Un parti d’extrême droite pas comme les autres

Pour comprendre cette particularité du FrP norvégien, il est nécessaire de mettre son cas en parallèle avec les autres formations d’extrême droite majeures des pays scandinaves. Si l’on prend le cas des Démocrates de Suède ou encore du Parti populaire danois, les deux formations historiques de ce courant dans leurs pays respectifs, l’on s’aperçoit que toutes deux ont été fondées, comme la plupart des partis d’extrême droite modernes, sur une opposition frontale à l’immigration. Cela n’a pas été le cas du Parti du progrès, né d’abord sur la base d’une contestation du niveau de fiscalité existant dans le pays. Si le FrP a, depuis, rattrapé en partie son retard sur ses homologues, cela change radicalement la façon dont il a été perçu à ses débuts ; si les autres ont fait de l’escalade identitaire le moteur premier de leur croissance politique (avec pour conséquence leur ostracisation, par les autres partis, des possibilités de gouvernement), cela n’a pas été le cas du Parti du progrès.

Cette différence d’identité historique explique aussi la plus grande facilité avec laquelle ont été brisées les digues qui existaient entre le FrP et le reste de la droite : alors que les Démocrates de Suède et le Parti populaire danois n’ont jamais été invités à contribuer à aucun gouvernement en respectivement deux et quatre décennies d’existence parlementaire, le Parti du progrès norvégien a pu, à la faveur d’une majorité formée avec le Parti conservateur, jouir d’une expérience de gouvernement longue, sans interruption entre 2013 et 2020 et validée dans les urnes en 2017.

Vers une prise de direction du bloc de la droite gouvernementale ?

C’est la dernière étape du cursus honorum classique des grands partis que le FrP n’a pas encore franchie : fédérer son hémisphère politique et prendre les commandes d’un gouvernement qui en rassemblerait toutes les composantes.
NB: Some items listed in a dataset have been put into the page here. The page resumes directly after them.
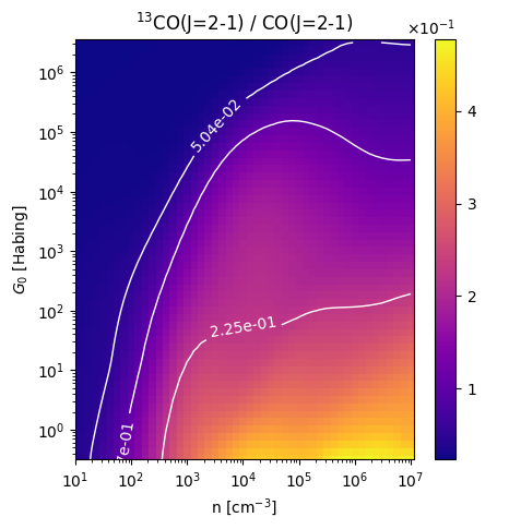 13CO(J=2-1) / CO(J=2-1) Intensity Ratio emitted from the surface of a PDR as a function of the cloud density n and the FUV flux incident on the cloud G0. The above model is at a viewing angle of i=0 degrees, where i=0 is face-on. The models in the wk2020 ModelSet are based on Kaufman et al. 2006 , Wolfire et al. 2010, and Neufeld & Wolfire 2016. They use these parameters. More details are in the FITS headers.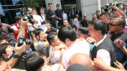 전북도가 전북고속에 보조금을 지급한 것과 관련하여 28일 도청 브리핑룸에서 민주노총 전북본부와 버스파업 해결과 완전공영제 실현 전북지역시민사회단체 대책위의 기자회견이 예정되어있었으나 경찰 및 공무원들이 출입문을 봉쇄하자 버스 노조원과 몸싸움을 하고 있다.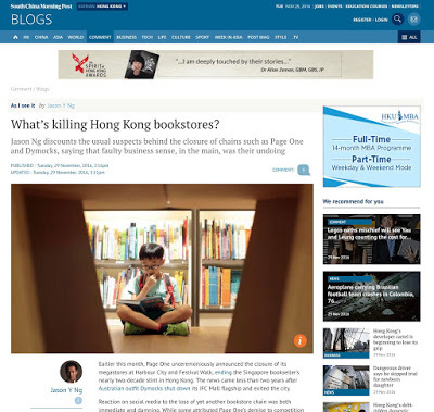 So had Page One. Its Harbour City flagship resembled a small department store, complete with a restaurant and tea house. What’s more, the chain knew what it was in for when it opened shop in aliterate Hong Kong. It didn’t go out of business because its customers suddenly changed the way they read – because they didn’t.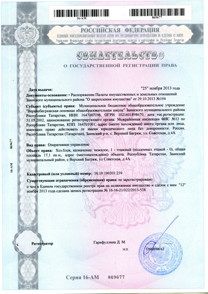 Свидетельство о государственной регистрации право. Объект: хоз.блок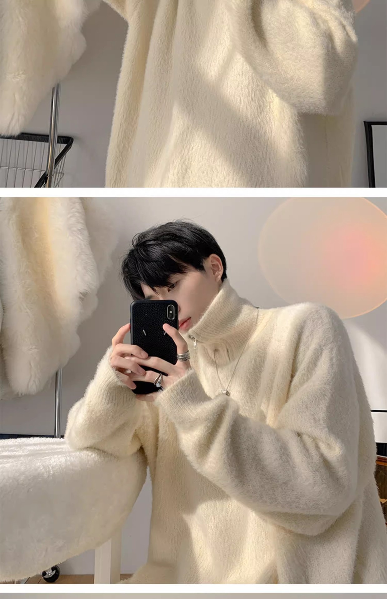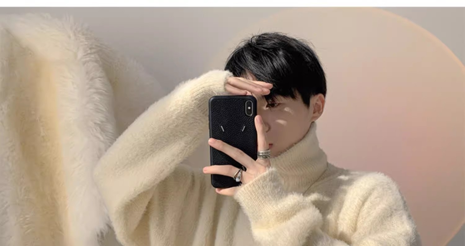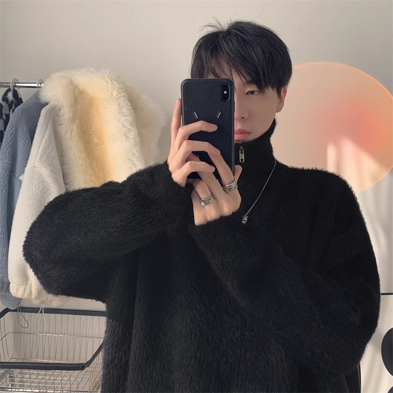 남자 하프 터틀넥 스웨터 가을과 겨울 두꺼운 느슨한 유행 브랜드 고급 니트웨어 게으른 스타일 하프 지퍼 재킷스토어 가기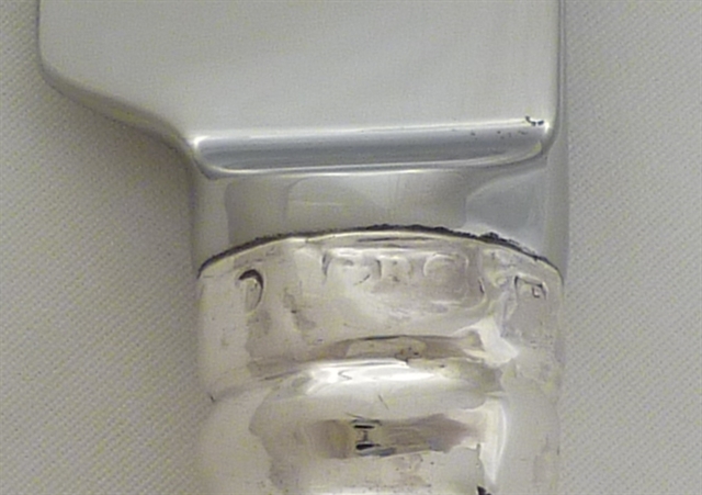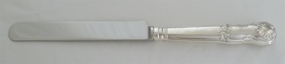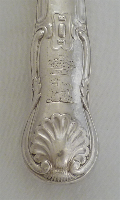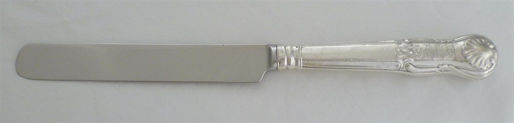 DESCRIPTION | One Victorian silver handled King's HourGlass pattern table knife with a double crest engraving to one side and fitted with a new mirror finished stainless steel parallel blade. |

La marche vers la respectabilité du parti en est-elle arrivée au point où celui-ci serait capable de réussir prochainement cet ultime tour de force ?
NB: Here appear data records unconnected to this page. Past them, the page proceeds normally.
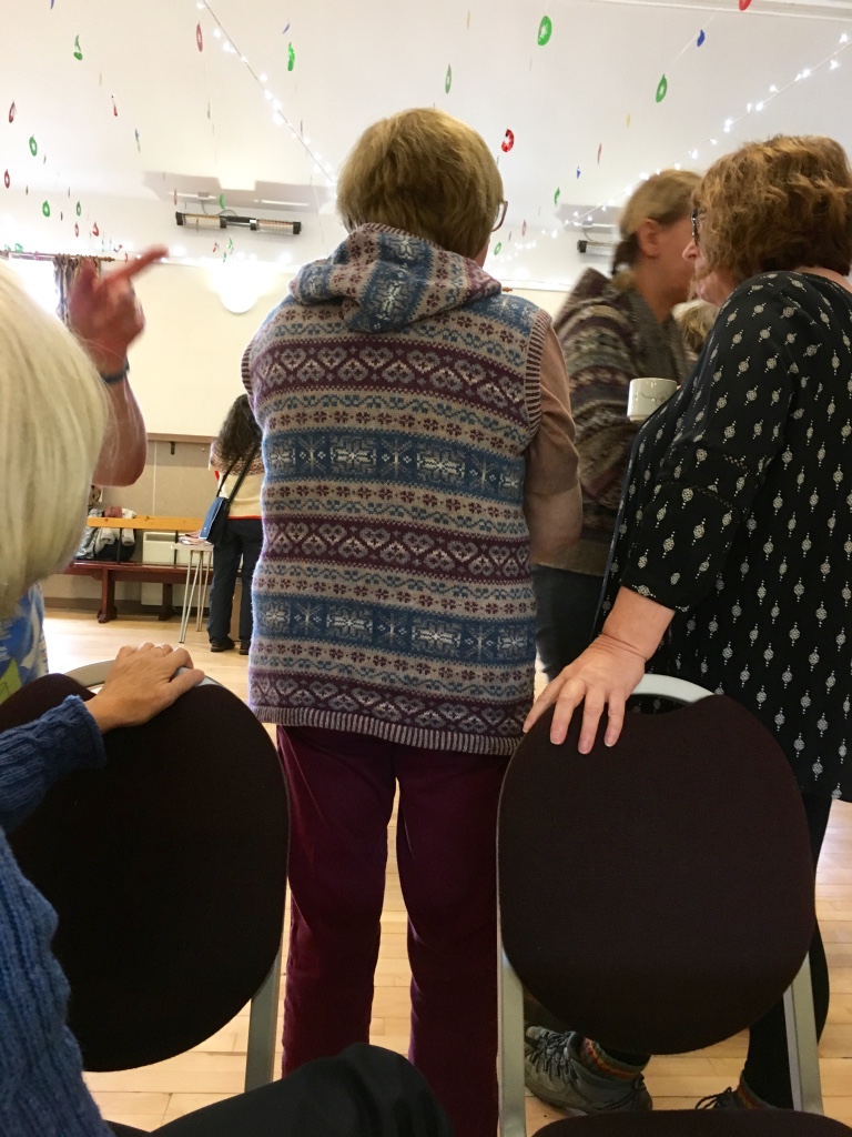 One of the ladies said it’s good that knitting isn’t taught at school anymore, because that gives the skilled knitters a chance to teach children that really wants to learn and not just play around. That was comforting to hear! As you may have noticed, there is great concern in Shetland about the future of Shetland knitting. I didn’t take photos of the children, but they were there, and they knitted, and they seemed to have great fun.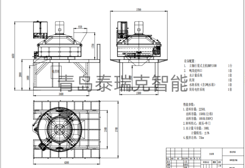 下面介绍一下快搬式UHPC混凝土搅拌站TMP1500型,该套设备设计紧凑、组装拆卸运输均方便,到场当天即可打料,主搅拌电机为75kw,单次可搅拌1.2m³UHPC,一小时可产6-7m³,高效便捷,可罐车接料可料斗接料,适合较大方量的UHPC铺装施工。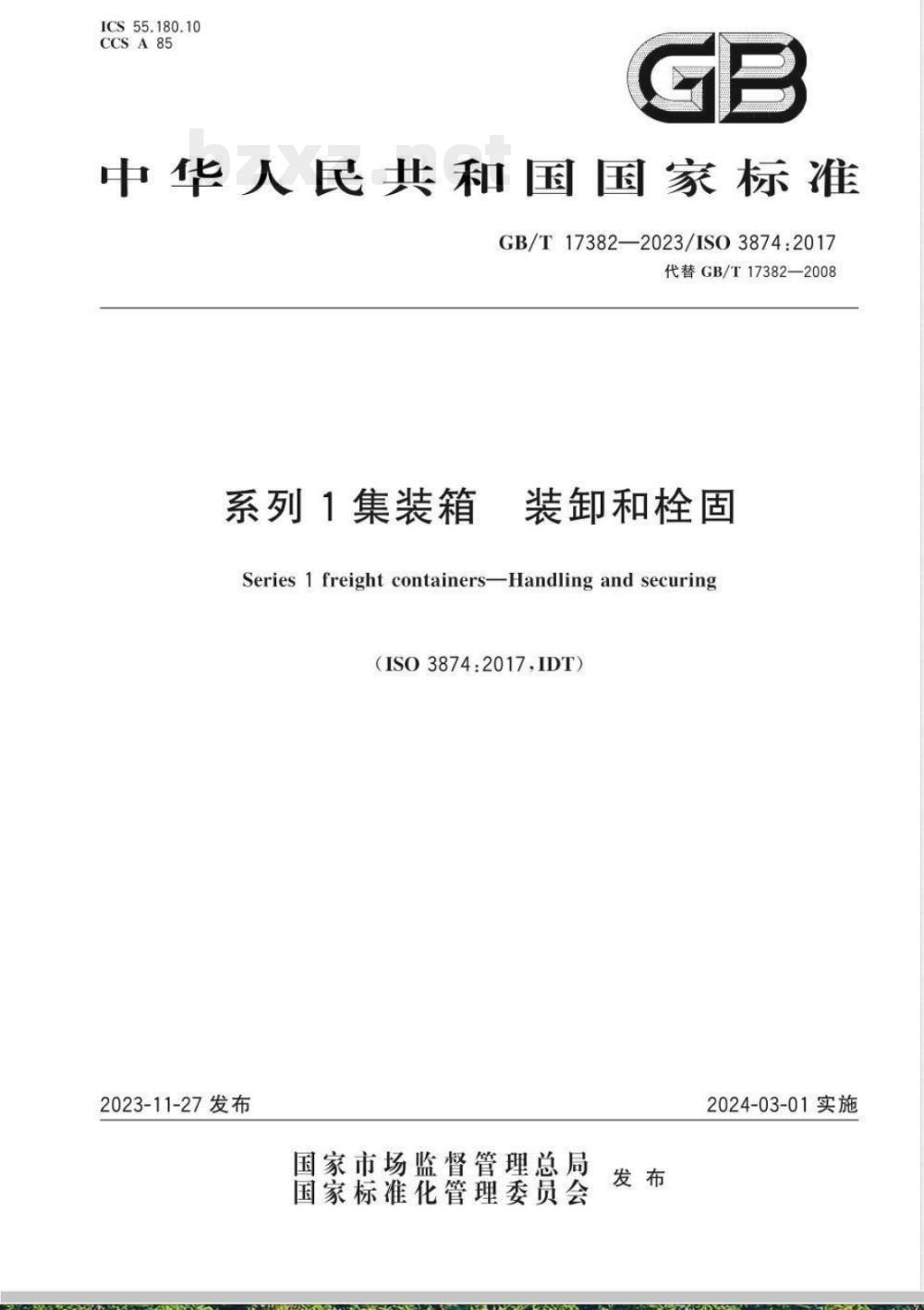 - GB/T 17382-2023系列1集装箱 装卸和栓固
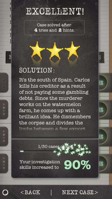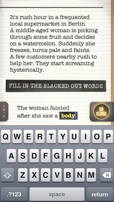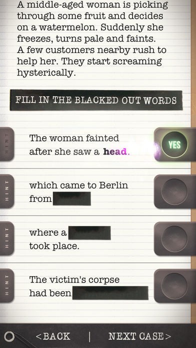 App Storeより引用Censored Files is the one and only crime fiction word-puzzle game!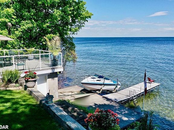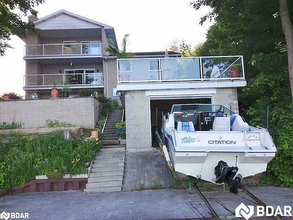 This custom, waterfront home has it all! 75 feet of waterfront, a boathouse, marine rail, dock & a custom home with possible in-law suite & separate lower level entrance & walk out! With almost 4000sq ft you will have more than enough room for the whole family! The main floor features a huge living room, a family room, custom kitchen that boasts many extras, separate dining room with fireplace & walk out to one of many balconies overlooking the water, an office, 2 piece powder room & welcoming foyer! The above grade, bright, open concept, lower level boasts a separate entrance & a sliding door walkout, full custom kitchen, great room with fireplace, a bonus room, cold room, full bath & sauna! Upstairs you will find a Primary suite with walk out to your own private balcony overlooking the water, a walk in closet, & a 3 piece ensuite, the 2nd and 3rd bedrooms both have walk outs to a huge balcony, a large 4th bedroom offers many options and another 4 piece bathroom! This home is an entertainer's delight with a massive patio overlooking the water, 16x24ft boathouse, marine rail & dock, tiered gardens & breathtaking view of Lake Simcoe! This home has been lovingly enjoyed & maintained by the original builder for over 40 years & boasts many updates including: Shingles '18, front dr & garage dr '17, tile bed '18, High efficiency (98%) hot water boiler 2016. 400 amp service. New Generac Generator, keeping you up and running when you need it most! Tankless hot water (owned) & more! Book a showing today and spend this summer on the water! Full list of features included in attachements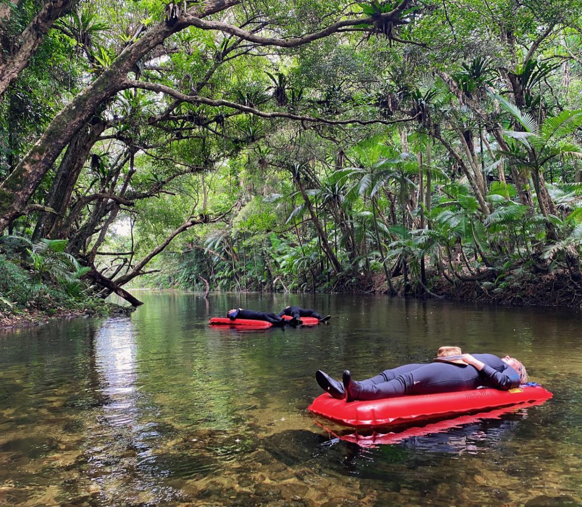 Dal resort si parte per diverse escursioni. Un classico è la gita sul fiume Daintree, magari sulle barche a energia solare della Solar Whisper Wildlife Cruise, per ammirare i coccodrilli in libertà. Con un po’ di fortuna, sui rami potrete vedere cuccioli non più lunghi di 20 centimetri quasi perfettamente mimetizzati. Oppure si può fare snorkeling sul Mossman river (con la Back country bliss adventures). A questo proposito, nienti timori: i coccodrilli vivono solo in acque calde e lente o nelle foci. Indossati tuta e calzari, ci si lancia in una delle piscine naturali che si formano vicino alla riva: fra tanti pesci, con un po’ di fortuna ci si può imbattere in una tartaruga d’acqua dolce. In questo caso, non saltate su iniziando a urlare per avvertire i compagni di viaggio se non volete vederla svanire in un batter d’occhio. Fra una nuotata e l’altra, arriva il momento di tornare alla base sdraiati sui gommoni su cui affrontare le rapide, sovrastati dalla cupola vegetale formata dagli alberi. L’esperienza da non perdere, che da sola vale il viaggio, è l’escursione fra le mangrovie: a piedi nudi, guidati da un aborigeno, si attraversa una sorta di palude sabbiosa bruciata dal sole che si estende a perdita d’occhio.

Durant la campagne, l’allusion de Jonas Gahr Støre à l’arrivée d’une potentielle « Première ministre Listhaug » n’a fait que confirmer l’idée que la chose est loin d’être impossible. Et fait peser sur les épaules du Premier ministre fraîchement vainqueur des urnes la responsabilité de mener un second mandat convaincant, au risque de voir dans les prochaines années et pour la première fois un pays scandinave basculer démocratiquement à la droite radicale.

Raphaël Charlet
Raphaël Charlet
Etudiant en science politique à l'Université Paris I Panthéon-Sorbonne. Il suit les dynamiques électorales et les évolutions démocratiques en Europe.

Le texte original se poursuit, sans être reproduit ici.